The experimental data (temperatures, relative humidity and condensation images) were recorded at regular time intervals with a homemade LabVIEW program.

Data post-processing

Raw images (Fig. 3a and b) obtained with the use of the apparatus needed to be post-treated to detect droplets and characterize their position, area and radius. Two MATLAB scripts, based on the same image treatment, were developed - one for small droplets present at the very beginning of condensation (program 1) and another for bigger droplets (program 2). At the beginning (program 1), detection errors were rare avoiding complex treatments necessary in program 2. The two programs pretreated images by applying the discrete Laplace operator to reduce contrasts inhomogeneity by accentuating dark/bright interfaces, thus giving droplet profiles [19] (see Fig. 3c and d). The enhanced images were segmented to binary images using Otsu’s method - droplet profiles appeared in white on a black background [20]. In order to close profiles and obtain droplets, a close operator was used and the image edges were manually turned white, reducing the studied area but closing the partially-seen droplet profiles. Then, all black pixels not belonging to the background and circle by white pixels were turned in white to fill all droplet profiles. However, some droplets were connected in clusters and a watershed function was used to dissociate them.

After these operations, not all the droplets could be filled because some opened profiles remained. This kind of error occurred mainly when the obtained profiles were not continuous (see the magnified picture of Fig. 3d). This happened for high droplet perimeter (for droplets with diameters larger than 26 μm). To solve these errors mainly present in program 2 (treating large droplets), a new function was added to suppress the remaining droplet profiles and surface defaults. This was not the case with program 1 which thus enabled a lower detection threshold to be attained and explains its use with small droplets at the beginning of condensation. Moreover, during the use of program 1, the number and area of detected surface defaults were negligible.

With both programs, the final undetected droplets were low and smoothed with the high number of taken images. A droplet could be undetected on one image and detected on the next one.

Surface characteristics

The polycarbonate surfaces were characterized by topographical analysis and by measuring the static, advancing and receding contact angles.

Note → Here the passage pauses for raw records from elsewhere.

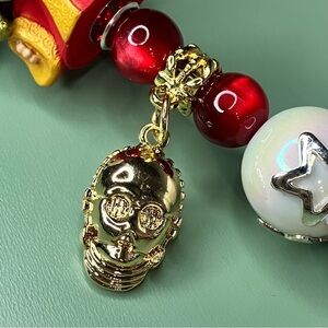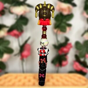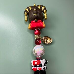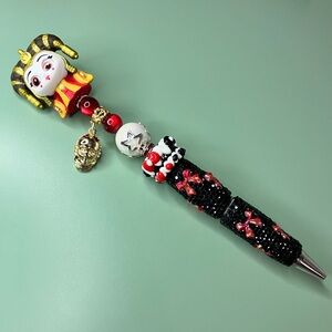 Unique handmade beaded pen with a Star Wars Queen Amidala repurposed Doorable topper. Features red, black, and gold accents. There are small red cat eye beads, a round bead with a star design, and a hand painted bead at the bottom. A gold tone charm of C-3PO also dangles from the pen. The base is covered in black rhinestones and red bow charms. It is a new without tags, handmade beaded pen, but small imperfections may be present. Please see photos for details and approximate measurements. Ink color is black! Ask me any questions!
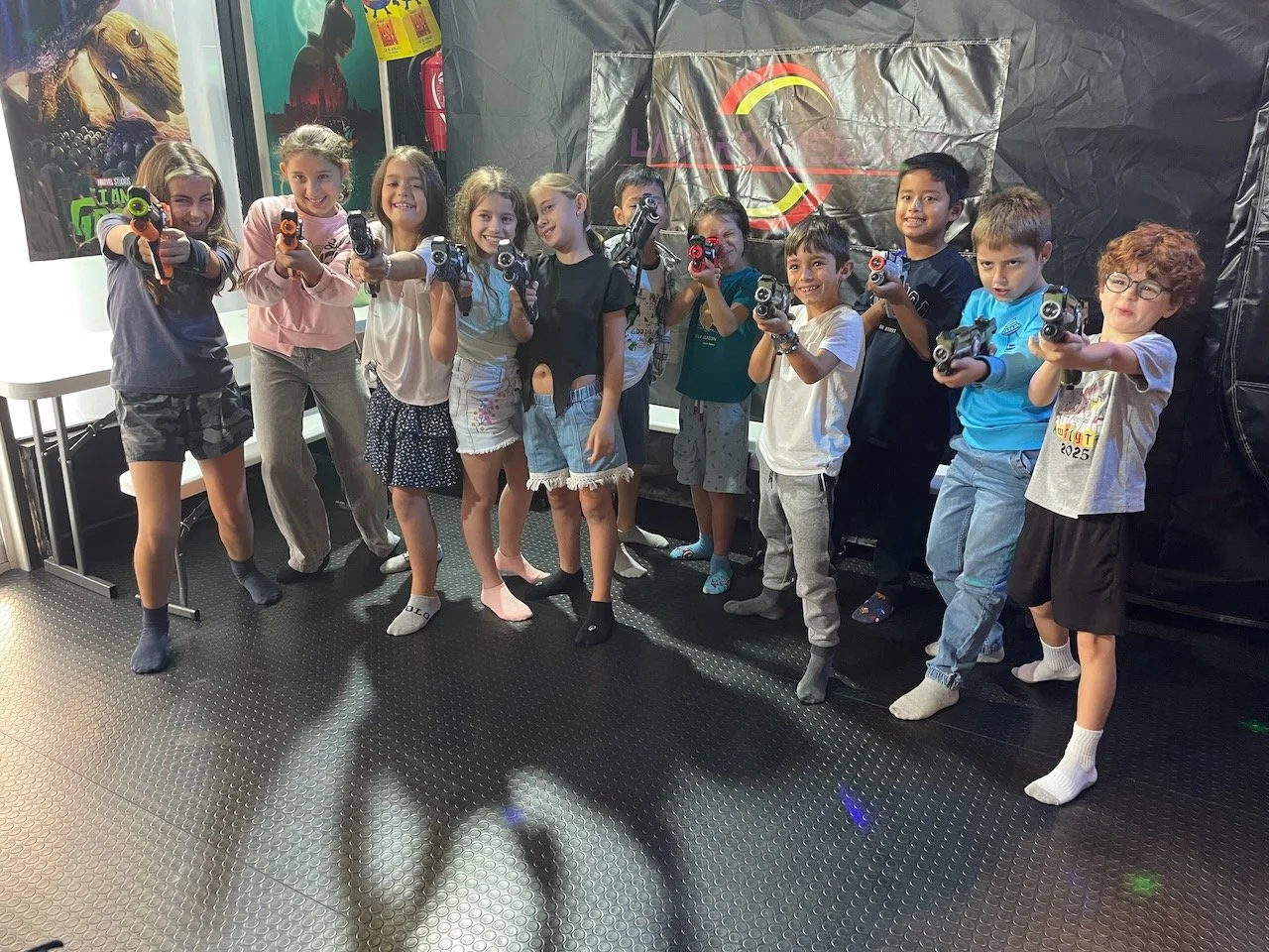 Victor’s birthday party. Daphné and Django were both invited. Laser games.
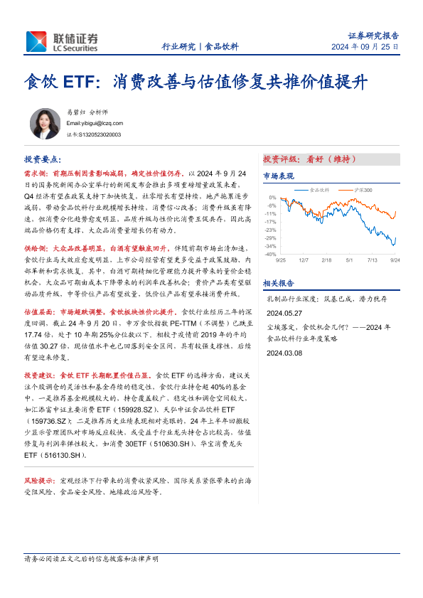 【联储证券】【20240925】食品饮料行业研究:食饮ETF,消费改善与估值修复共推价值提升-19页
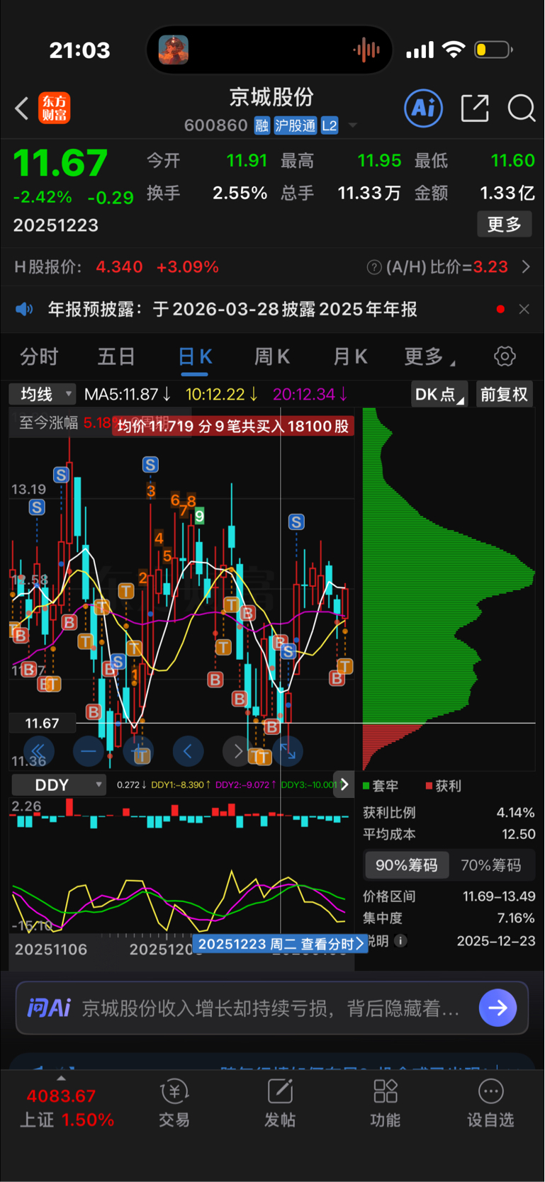 $京城股份(SH600860)$ 他在隔壁有商业航天概念,他也是有机器人概念。但是,他所有的概念都是勉强的、擦边的、山寨的。加上业绩差,热点三五年之内也轮换不到氢能概念板块,所以一时半会价格很难有本质的变化。好在,作为北京国资委下属企业,基本不用担心st和退市,还存在一定的重组想象空间。低于11.5就进货,到12.5就出掉。偶尔到13也站不稳。

The polycarbonate surfaces were obtained by molding injection of the Makrolon 2458 from Bayer. The polycarbonate samples were replicated from a mirror polish with a low roughness injection mold [21].

The topographical characterization was carried out using atomic force microscopy (NanoscopeV NanoMan Bruker Corporation). The topography of the surfaces was measured on three different scans of 10 μm2 on an arbitrary place of the surface. The obtained topographies were studied with the DigitalSurf software AltiMap. The mean roughness parameters Sq and Sa on PC substrate were respectively Sq/nm=8.9  ± 3.3 and Sa/nm=7.0  ± 2.7.

For static contact angle experiments, a Kruss DSA30 tensiometer was used to deposit 3 μl sessile drops at different locations of the studied area. For the purposes of a statistical approach, ten drops were deposited.

For the advancing and the receding contact angles, the same method was used as for the static contact angle. However, in this case water was progressively injected into the droplet (to obtain the advancing contact angle) and then pumped out of it (to obtain the receding contact angle) [22]. In both cases, when the drop base line started moving, the respective advancing and receding contact angles (θa and θr) were measured. The difference between these two respective angles is defined as the contact angle hysteresis of the surface (Δθ). For our samples, the results are: θ/°=87 ±1, θa/°=93 ±3, θr/°=34 ±6 and Δθ/°=59 ±7.

Experimental procedure

Preparation of surfaces

According to the supplier, the Makrolon 2458 polycarbonate has a water absorption that can reach 0.30%. If the water absorption rate is not controlled, it will generate variability in the wetting properties. Surface preparation is thereby a critical parameter for good condensation test repeatability.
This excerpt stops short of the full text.